On January 2, 2015, the New Jersey Appellate Division issued a decision finding that the Neptune Township Police and Monmouth County Superior Court erred because the chief failed to discuss the permit matter with the applicant before his denial and then failed to appear at the hearing to answer for his denial.

Instead, a lower-ranked police detective handled the matter on the Chief’s behalf, and the Trial Court found that satisfactory.

While the decision in IMO Application of Rohani (App. Div. Docket No. A-6249-12T4) is not binding on other courts, it sends a clear message that the practice of police chiefs failing to perform their duties when it comes to firearm permit applications – and Courts failing to recognize that responsibility – will likely result in a reversal on appeal.
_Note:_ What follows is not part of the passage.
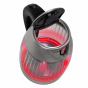 Vybere si úplně každý – k dispozici jsou u tohoto modelu dvě barevné varianty, a to buď s modrým nebo červeným podsvícením. Podsvícení je automaticky aktivováno vždy při zahájení vaření vody a automaticky zhasne po dovaření vody. Podsvícení zajišťují LED diody s dlouhou životností.

The Appellate Court found, “The [Trial] Court left some room for a chief not to testify, by stating that it was ‘ordinarily’ required. However, the clear implication is that the chief’s non-appearance should be the exception, which would need to be supported by good cause shown.”

This marks at least the second time within the last year that Neptune Township and the Monmouth County permit judge have been reversed and remanded by the Appellate Division for basing decisions with inadequate interaction by the police. See, IMO Application of Paul Robinson. (App. Div. Docket No. A-4526-12T4).